Увидев Тима, Ник побелел, вскочил с кровати и прижался к стене у окна.
— Привет… — чувствуя, что от Ника первых слов не дождешься, хрипло сказал Тим.
— Здравствуй… — прошептал Ник, глядя на остатки не смытой крови на лице Тима и белея все более и более.
— Как ты? — Тим набрался смелости и скользнул взглядом по его лицу.
— Ну… так… нормально… А ты?
— Я… пришел… там… в общем… ты выходи… там… ну… увидишь.
— Я спущусь, — прошептал Ник.
Тим кивнул еще раз, словно бы для приличия оглядел комнатку и вышел в коридор.
— Ник… — прошептал он и прислушался к сердцу.
Сердце молчало. Он испытывал только облегчение и грусть.
Раньше Ник казался ему сияюще-идеальным. Белая кожа, по-женски красивые губы, черные вьющиеся волосы, ясные голубые глаза. Когда Ник был рядом, тут же начинали неметь ноги, пересыхало во рту и голова кружилась. Ник был самым красивым на свете. И это было великое, особенное, неописуемое, недоступное всем остальным счастье. Тим гордился тем, что так близко знает это счастье — и только он один, и никто больше. Это было его Великое Чувство, которое возвышало Тима над всеми этими деревенскими жителями. И сейчас, поднимая глаза на Ника, он ждал, хотел и одновременно боялся, дрогнет ли сердце, как раньше? Заплачет ли оно сладкими, жаждущими, томными слезами…
Но с другой стороны… а Инга?
И сейчас, когда Тим понял, что сердце смолчало, он ощутил облегчение. Некую легкую свободу. Освобождение от беспощадной красоты Ника.
И не успел он вдоволь насладиться этой легчайшей эйфорией, как пришла грусть и все испортила.
Да, это была грусть — и даже больше… разочарование.
Ник теперь был для него обычным. Простым, довольно симпатичным парнем — не более. И уж конечно, ноги его и не думали вянуть, а сердце не собиралось дрожать.

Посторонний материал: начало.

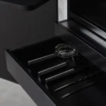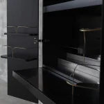 Perfection, existing in the “imperfections” of artisanal methods, is the tool that bestows soul to each piece, moving away from mass production. Steel rod structures are the common language of the collection, achieving a visual sophistication that pushes toward innovation. Sand-casted bronze details contrast against automated manufacturing components, such as CNC-carved wooden parts or laser-cut metal parts.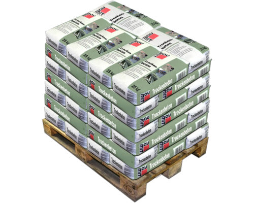 Produktmerkmale des Baumit Trockenbetons C25/30 25 kg Darum solltest Du zugreifen: Der Trockenbeton ist vielseitig und eignet sich zur Herstellung von DIN-relevanten Bauteilen wie Ringankern, Tür- und Fensterstürzen. Er ist perfekt zum Betonieren von Kleinfundamenten und für diverse Betonreparaturen. Der Trockenbeton entspricht der Festigkeitsklasse C 25/30 gemäß DIN EN 206-01 und ist als Estrich nach DIN EN 13813 klassifiziert. Die Zusammensetzung umfasst Zement, Gesteinskörnung und spezielle Zusätze zur besseren Verarbeitung und Haftung. Nach dem Erhärten zeichnet er sich durch hohe Festigkeit und Witterungs- sowie Frostbeständigkeit aus. Trockenbeton kann in Innenräumen und Außenbereichen verwendet werden und eignet sich als Estrichmörtel für Fußbodenkonstruktionen sowie zur Herstellung von Bauteilen wie Ringankern, Tür- und Fensterstürzen.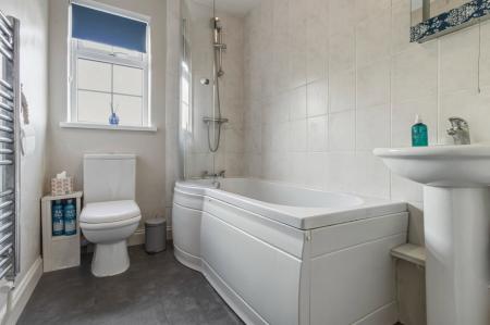 Vinyl tiled flooring, panelled bath with shower, pedestal wash hand basin, close coupled WC, chrome heated towel rail, obscured double glazed window, ceiling light fitting.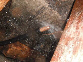 Lage beim Eintreffen: Wasseraustritt aus Plastik-Wasserrohr, provisorisch mit Besenstiel von Hausbewohner verschlossen.

И Тим теперь понял, что Его Великое Чувство к Нику было простой похотью.
Теми жаркими весенними днями ему просто хотелось любви, ласки… наслаждений. И если бы рядом была Инга, он влюбился бы в Ингу. А если бы вместе с ним на берегу лежал Змей, то в Змея — или даже вот в этого румяного парня со шрамом.
Это было не Чудесное Волшебство Любви, а просто похоть, и от понимания этого Тиму стало грустно.

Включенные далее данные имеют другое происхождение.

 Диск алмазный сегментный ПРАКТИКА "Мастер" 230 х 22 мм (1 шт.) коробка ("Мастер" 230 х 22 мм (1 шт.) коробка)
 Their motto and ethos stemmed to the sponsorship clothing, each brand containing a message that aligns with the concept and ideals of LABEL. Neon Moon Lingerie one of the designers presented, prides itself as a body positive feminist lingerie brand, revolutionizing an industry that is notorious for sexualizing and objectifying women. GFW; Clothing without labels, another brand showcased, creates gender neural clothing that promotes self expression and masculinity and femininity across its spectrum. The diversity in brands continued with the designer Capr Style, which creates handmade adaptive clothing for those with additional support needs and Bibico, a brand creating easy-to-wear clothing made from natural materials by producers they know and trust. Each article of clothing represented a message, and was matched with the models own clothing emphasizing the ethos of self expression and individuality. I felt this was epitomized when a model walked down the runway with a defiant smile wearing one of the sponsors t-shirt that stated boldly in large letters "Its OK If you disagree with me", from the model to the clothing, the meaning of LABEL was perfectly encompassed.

— Привели жрецов, господин, привели! — выскочил на Тима Вэн, и Тим кивнул.
Когда он спустился с крыльца, дюжие парни-прислужники уже волокли Авмилеха, Иевфая и Ходофая.
Увидев голову на шесте, Иевфай выгнулся и, как истеричная баба, стал заваливаться на спину, хвататься руками и судорожно глотать воздух, широко открывая рот и закатывая глаза. Упав, он схватился за сердце, начал хрипеть, весь посинел и затих. Прислужники принялись слушать его дыхание и искать пульс.
— Готов! — громко объявил один парень. — Сердце лопнуло, не выдержал.
Тим кивнул и махнул рукой, чтоб убрали тело. Вздохнув, он осмотрел оставшихся двух жрецов и сказал так:
— Вы вот что мне скажите, жрецы. Вы всю жизнь служили этому лгуну. Вы проповедовали людям весь этот бред свинячий, про врата адовы и про Единственного, и всякое в том же духе! Так скажите же мне, жрецы! Вы и вправду верили в это? Вы проповедовали то, во что верили сами? Или вы не верили и дурили рабов ради наживы?! Вот что я хочу знать! Вы уже все равно не будете у власти, больше уже не будет жрецов, так скажите мне напоследок! Мне интересно!
Авмилех вырвался из рук парней и с криком разодрал на груди священническую рясу. Это был высокий худой мужчина с длинными седеющими волосами, глубокими морщинами на жестком лице, хищным крючковатым носом и глубоко посаженными сверкающими черными глазами.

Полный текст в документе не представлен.